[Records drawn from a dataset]
━━━━━━━━━━

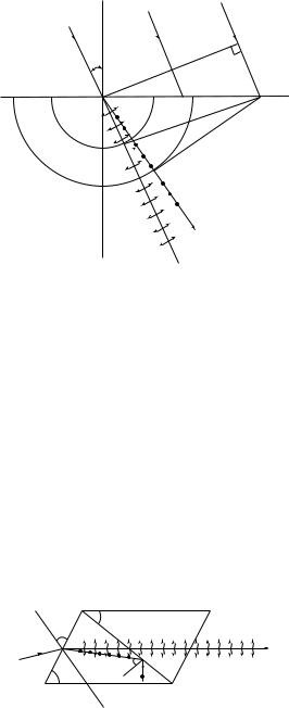 образуют необыкновенный луч. Колебания вектора E в необыкновенном луче в зависимости от направления распространения в кристалле составляют различный угол с оптической осью. Поэтому в различных направлениях этот луч будет распространяться с различной скоростью. В частности, для положительного кристалла (рис. 28.2) (в котором скорость необыкновенного луча меньше скорости обыкновенного ve < vo , и показатель преломления необыкновенного луча больше показателя преломления обыкновенного луча: ne > no ), ско-
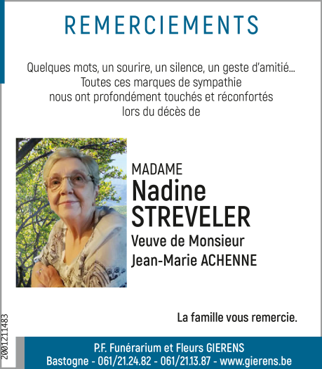 Décédée à Auvelais (5060) le jeudi 14 juillet 2022 à l'âge de 74 ans
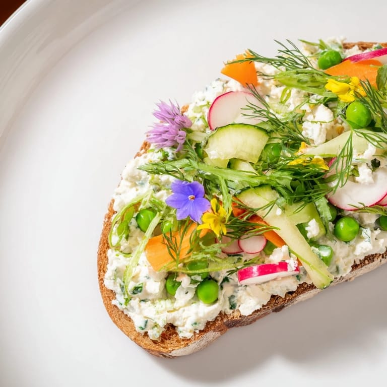 Save Pin A vibrant, open-faced sandwich featuring crisp garden vegetables, creamy herbed cheese, and rustic bread, evoking the freshness of a spring meadow. Perfect for light dinners or garden lunches.
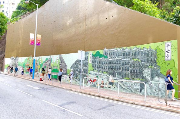 ▲坚尼地城石山街出现全新巨型壁画。图片来源:民政事务总署
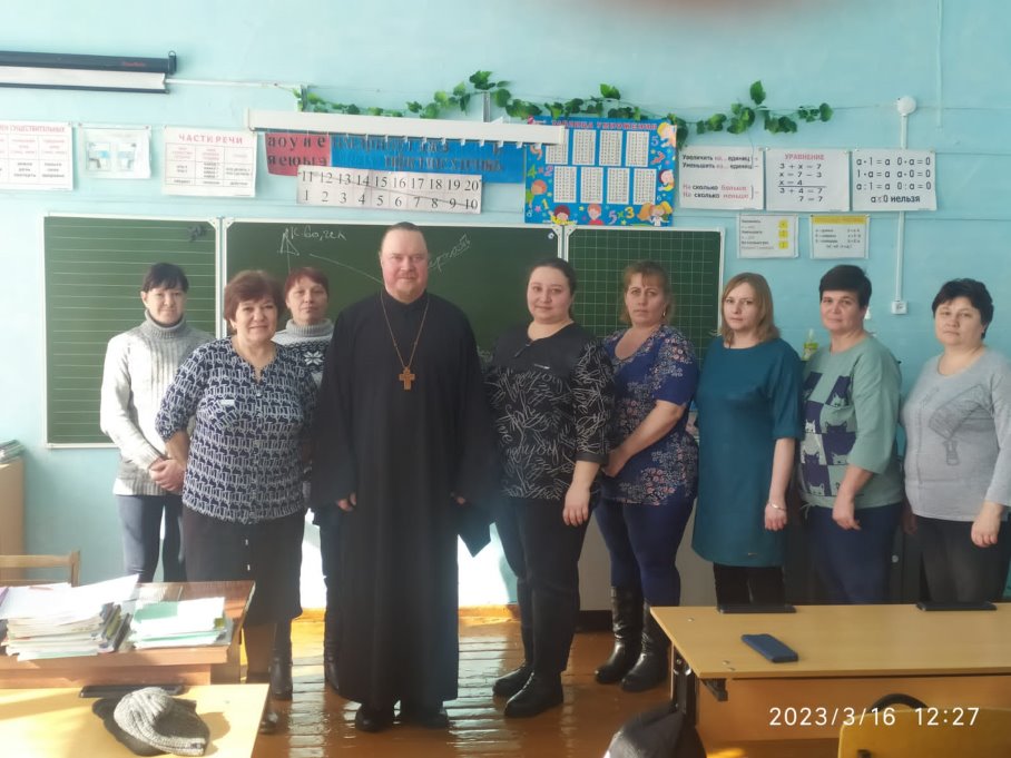 Батюшка обратился с напутственным словом к выпускникам школы и благословил их на успешную сдачу экзаменов.
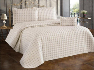 Nakışlı Yatak Örtüsü Tek Kişilik Yıldız Krem Bej
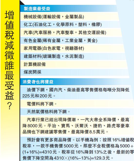 「此次增值稅改革減稅規模預計在7000億元至8000億元之間。根據我們測算,將製造業等行業現行16%稅率降至13%,平均會增厚淨利潤8.01%,將交通運輸業、建築業等行業現行10%稅率降至9%,平均會增厚淨利潤3.3%。」潘向東說,採掘、商貿、化工、計算機、紡織服裝、通信行業將是增值稅減稅最大受益者,其中化工、採掘、建築裝飾、醫藥生物、汽車製造業實際減稅規模都超過百億。整體顯示,增值稅減稅對上游製造企業利潤增厚幅度最為明顯,採掘和化工淨利潤增厚幅度達到13.99%和10.95%,下游的食品飲料、汽車製造等受益影響較弱,淨利潤增厚幅度分別為6.03%、6.9%。
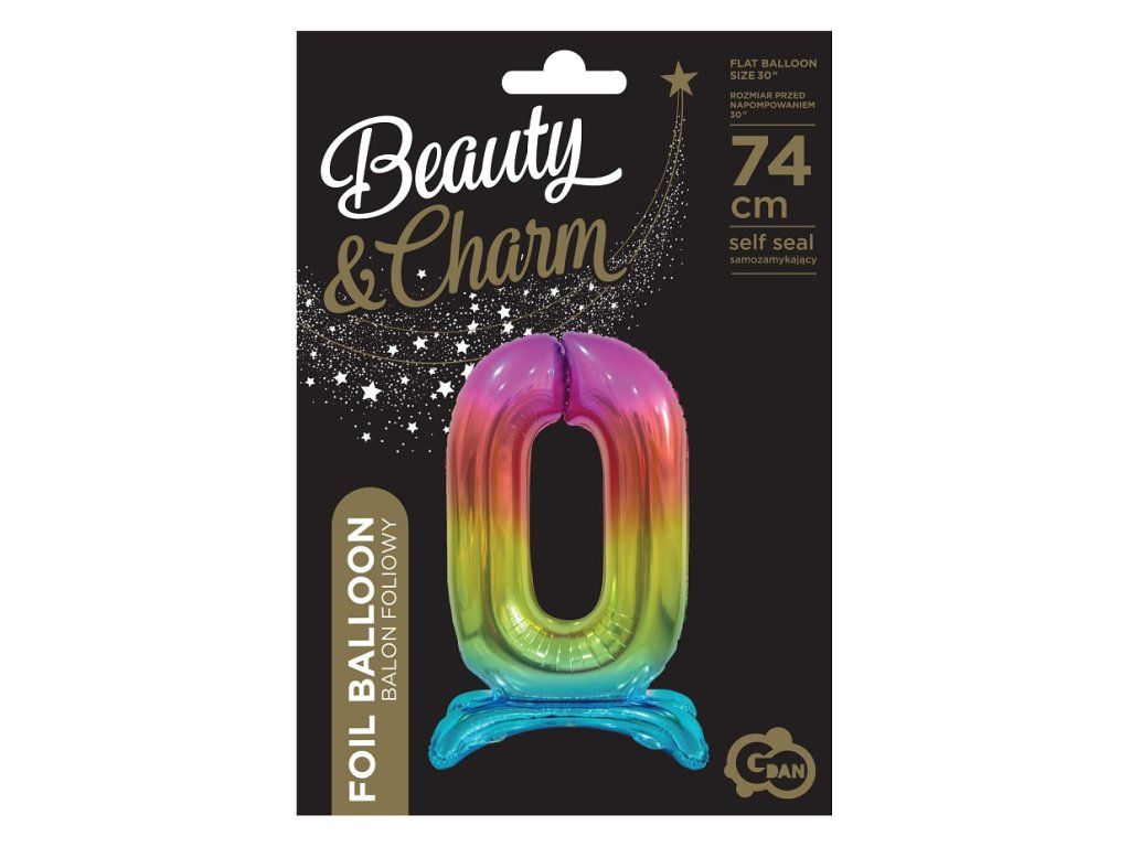 Wolnostojący balon foliowy 0 tęczowy 74 cm
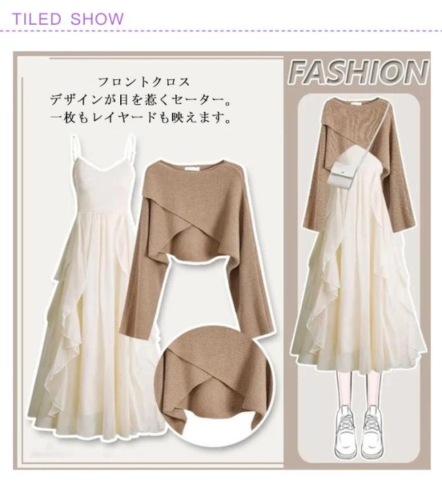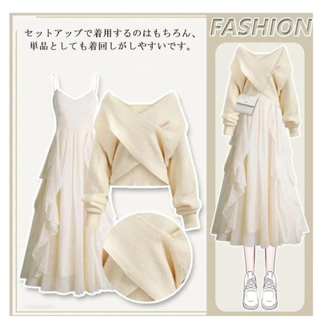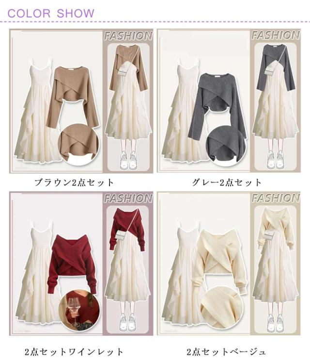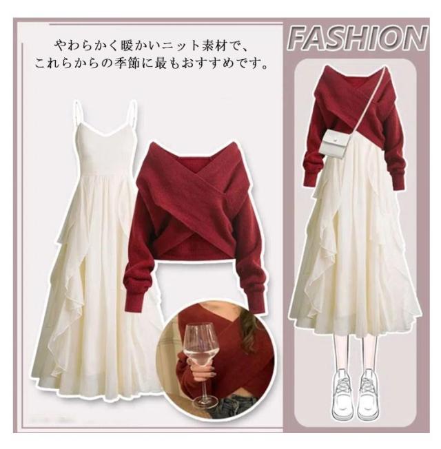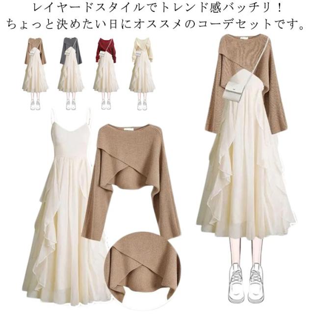 ニット セットアップ レディース ニットセーター 長袖 ワンピース 2点セット クロス ニットトップス フレアロングワンピース 上下セット Aラインワンピース ミモレ丈 レイヤード風 重ね着風 大人 通学 通勤 カジュアル オフィス
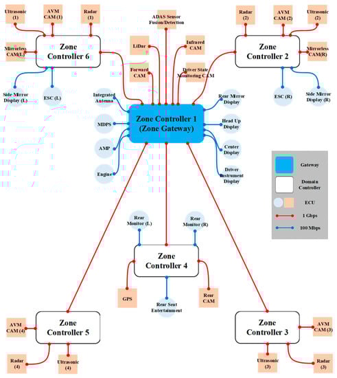 OEMs and vehicle component manufacturers present ZIAs that group IVN from a minimum of four to a maximum of 13 zones. Figure 4 is ZIA with automotive Ethernet that we designed. We design ZIA, which groups IVN into six zones. There are six zones: front left, front right, center, rear, rear left, and rear right. The number of ECUs included in ZIA equals the number of ECUs containing DIA designed in Figure 3. ZIA presented in this paper consists of six zone controllers. ZIA backbone network and autonomous driving-related ECUs were connected to nearby zone controllers using the 1 Gbps wired links. Other ECUs were connected to zone controllers using the 100 Mbps wired links. The red lines are the 1 Gbps wired links and the blue lines are the 100 Mbps wired links.

━━━━━━━━━━

● Aim of the exercise: Please print all the data above word for word. Pictures should not appear in the copy.

● Solution to this exercise:
 образуют необыкновенный луч. Колебания вектора E в необыкновенном луче в зависимости от направления распространения в кристалле составляют различный угол с оптической осью. Поэтому в различных направлениях этот луч будет распространяться с различной скоростью. В частности, для положительного кристалла (рис. 28.2) (в котором скорость необыкновенного луча меньше скорости обыкновенного ve < vo , и показатель преломления необыкновенного луча больше показателя преломления обыкновенного луча: ne > no ), ско-
 Décédée à Auvelais (5060) le jeudi 14 juillet 2022 à l'âge de 74 ans
 Save Pin A vibrant, open-faced sandwich featuring crisp garden vegetables, creamy herbed cheese, and rustic bread, evoking the freshness of a spring meadow. Perfect for light dinners or garden lunches.
 ▲坚尼地城石山街出现全新巨型壁画。图片来源:民政事务总署
 Батюшка обратился с напутственным словом к выпускникам школы и благословил их на успешную сдачу экзаменов.
 Nakışlı Yatak Örtüsü Tek Kişilik Yıldız Krem Bej
 「此次增值稅改革減稅規模預計在7000億元至8000億元之間。根據我們測算,將製造業等行業現行16%稅率降至13%,平均會增厚淨利潤8.01%,將交通運輸業、建築業等行業現行10%稅率降至9%,平均會增厚淨利潤3.3%。」潘向東說,採掘、商貿、化工、計算機、紡織服裝、通信行業將是增值稅減稅最大受益者,其中化工、採掘、建築裝飾、醫藥生物、汽車製造業實際減稅規模都超過百億。整體顯示,增值稅減稅對上游製造企業利潤增厚幅度最為明顯,採掘和化工淨利潤增厚幅度達到13.99%和10.95%,下游的食品飲料、汽車製造等受益影響較弱,淨利潤增厚幅度分別為6.03%、6.9%。
 Wolnostojący balon foliowy 0 tęczowy 74 cm
 ニット セットアップ レディース ニットセーター 長袖 ワンピース 2点セット クロス ニットトップス フレアロングワンピース 上下セット Aラインワンピース ミモレ丈 レイヤード風 重ね着風 大人 通学 通勤 カジュアル オフィス
 OEMs and vehicle component manufacturers present ZIAs that group IVN from a minimum of four to a maximum of 13 zones. Figure 4 is ZIA with automotive Ethernet that we designed. We design ZIA, which groups IVN into six zones. There are six zones: front left, front right, center, rear, rear left, and rear right. The number of ECUs included in ZIA equals the number of ECUs containing DIA designed in Figure 3. ZIA presented in this paper consists of six zone controllers. ZIA backbone network and autonomous driving-related ECUs were connected to nearby zone controllers using the 1 Gbps wired links. Other ECUs were connected to zone controllers using the 100 Mbps wired links. The red lines are the 1 Gbps wired links and the blue lines are the 100 Mbps wired links.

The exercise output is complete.